Referring now to FIG. 31, a retainer clip removal tool 2900 is shown inserted between the single rocker 405 and the retainer clip 406 of a completely assembled energy-harvesting switch assembly 100, thereby releasing both the unseen snap arms 415 on that side of the retainer clip 406 from the unseen associated latches 417 on the back plate 401. This enables that one side of the retainer clip 406 to be pulled slightly out of the assembly 100. The same step is repeated on the other side of the switch assembly 100, thereby enabling the retainer clip 406 to be withdrawn from the switch assembly 100 and the other components of the switch assembly 100 to be disassembled.
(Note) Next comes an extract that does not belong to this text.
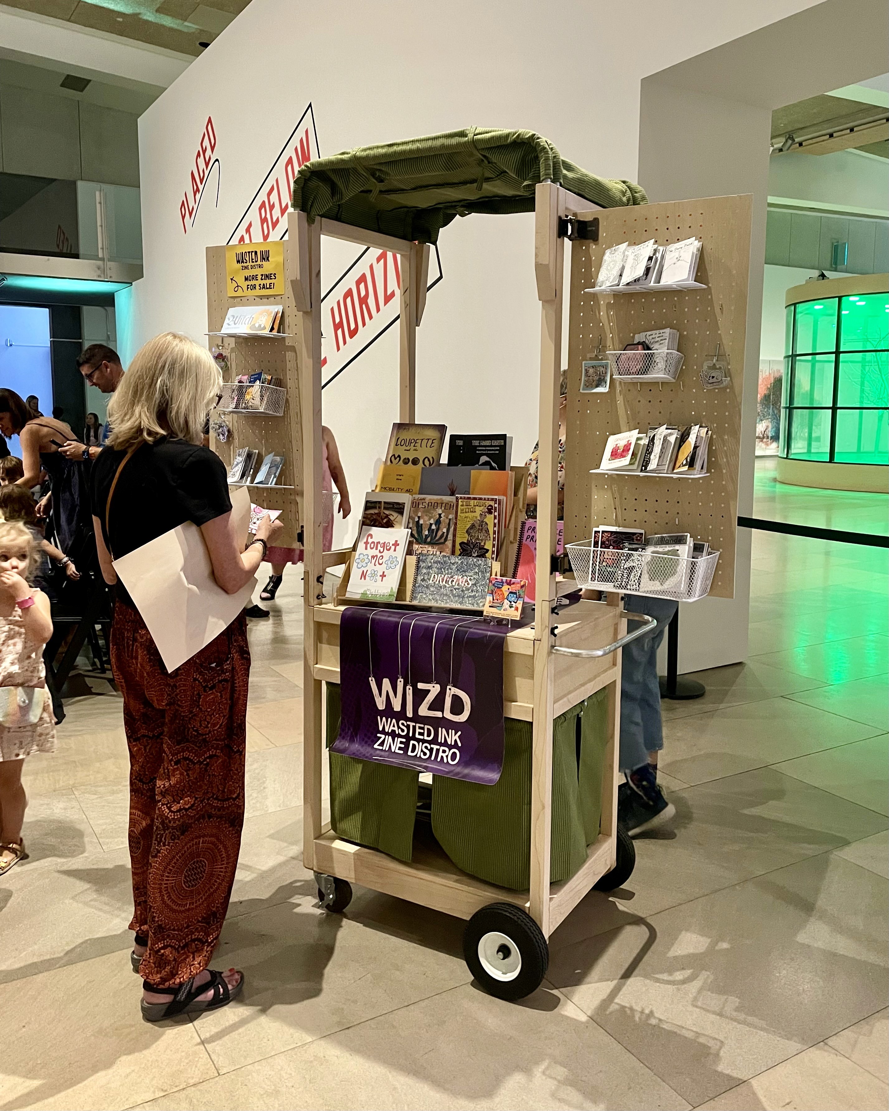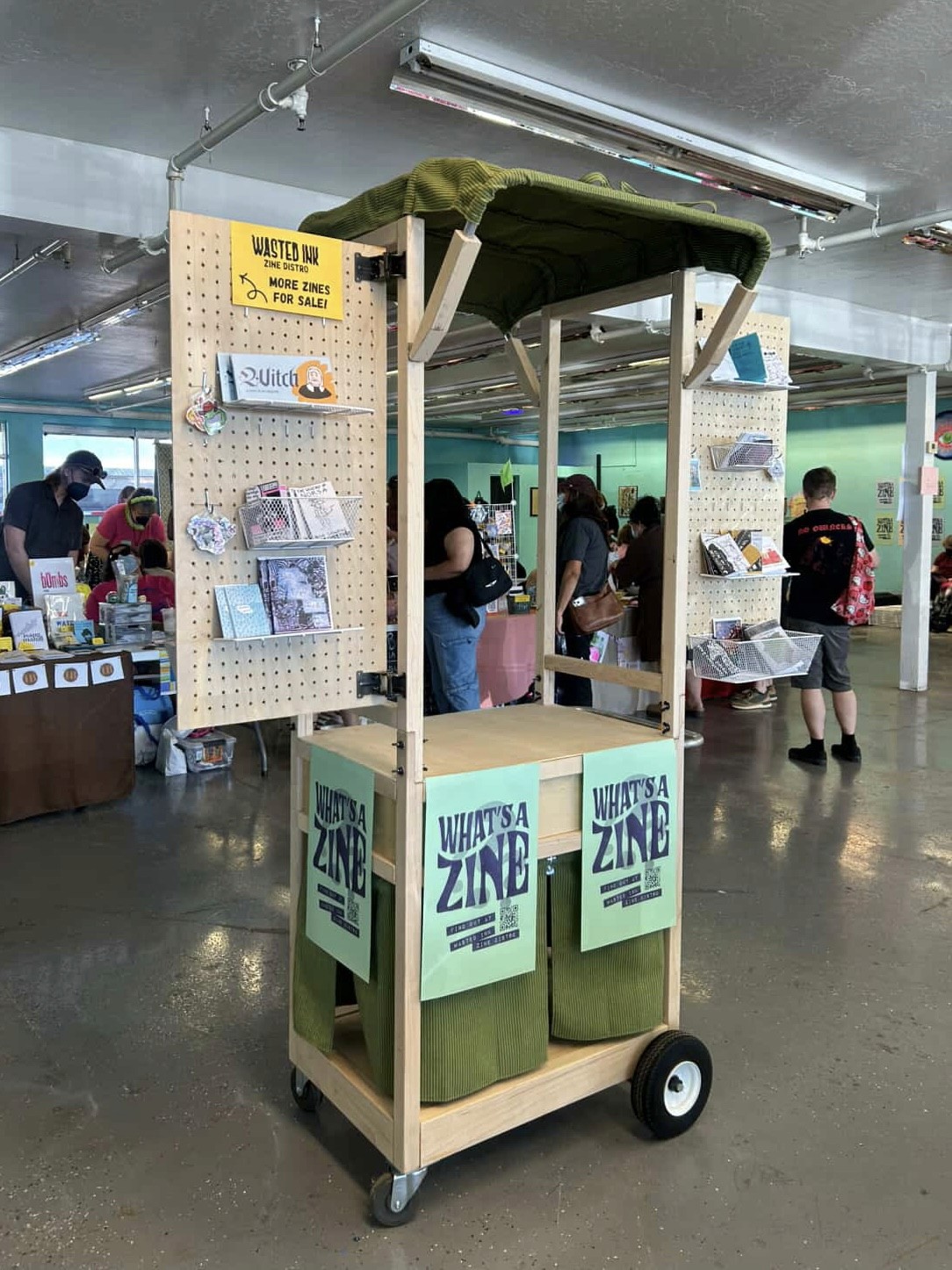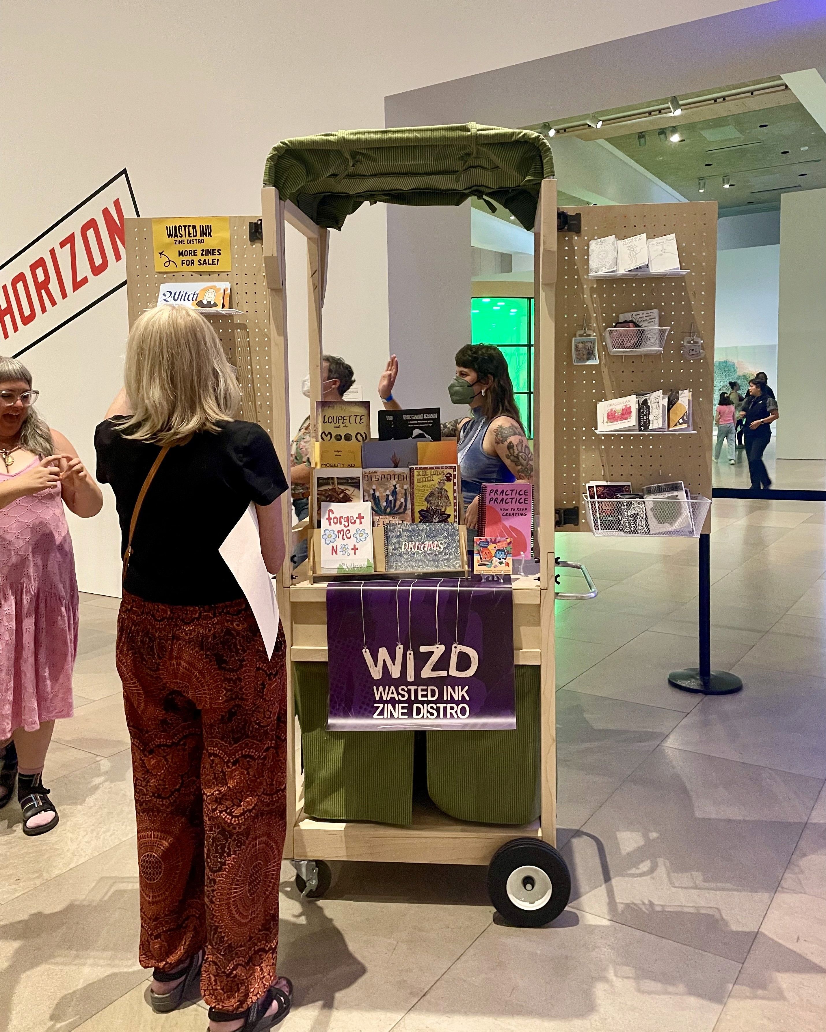 The cart was donated to Wasted Ink Zine Distro, a distribution center for zines (self-published booklets), dedicated to uplifting voices of historically marginalized creators.

Referring now to FIG. 32, a second embodiment improved single-rocker, energy-harvesting switch assembly is shown as a collection of individual components 3200, which includes a flush-mount carrier 3201 that fits within a conventional single-gang U.S. or Canadian electrical wiring box. The flush-mount carrier 3201 is securable with 6-32 screws to the electrical wiring box which pass through apertures 3202-A and 3202-B in the carrier 3201. Also included in the collection of individual components 3200 are an energy-harvesting switch module 402 that is identical to that used in the first embodiment switch assemblies 100 and 200, a second embodiment single-rocker wear insert 3203, a second embodiment single rocker 3204, and a second embodiment retainer clip 3205. A trim plate (item 3401 of FIG. 34) will be attached to the carrier 3201 with decorative screws (items 3402-A and 3402-B of FIG. 34), which may be replaced with security screws to further hamper tampering with the switch assembly. Even if the trim plate is removed by a potential thief, there is a second round of defense. In order to assemble the improved second embodiment switch assembly 3200, the energy-harvesting switch module 402 is inserted into the receptacle 3206 of the carrier 3201. It will be noted that, as with the first embodiment back plate 401, there are four tabs 3207-A, 3207-B, 3207-C and 3207-D (only 3207-A and 3207-D are visible in this view) at the corners of the receptacle 3206 act as rear stops in the containment of an installed module. Next, second embodiment single-rocker wear insert 3203 is snapped onto the rear of the second embodiment single rocker 3204 and the rocker is snapped onto the outer pivot pins 412 of the switch module 402. It will be noted that the retainer clip 3205 has a rectangular beam frame 3208. Each side beam 3209 is equipped with a pair of snap arms 3210, each of which has a notch 3211 that is sized to engage a latch 3212 within a rectangular aperture 3213-A, 3213-B, 3213-C or 3213-D. Once the second embodiment retainer clip 3205 has engaged the latches 3212, the rocker 3204 and the energy-harvesting switch module 402 are secured within the carrier 3201. In order to release the retainer clip 3205 non-destructively, the carrier 3201 must be extracted from the wiring box by removing the screws that secure it to the box. Those screws can also be security screws to make the life of thieves more difficult.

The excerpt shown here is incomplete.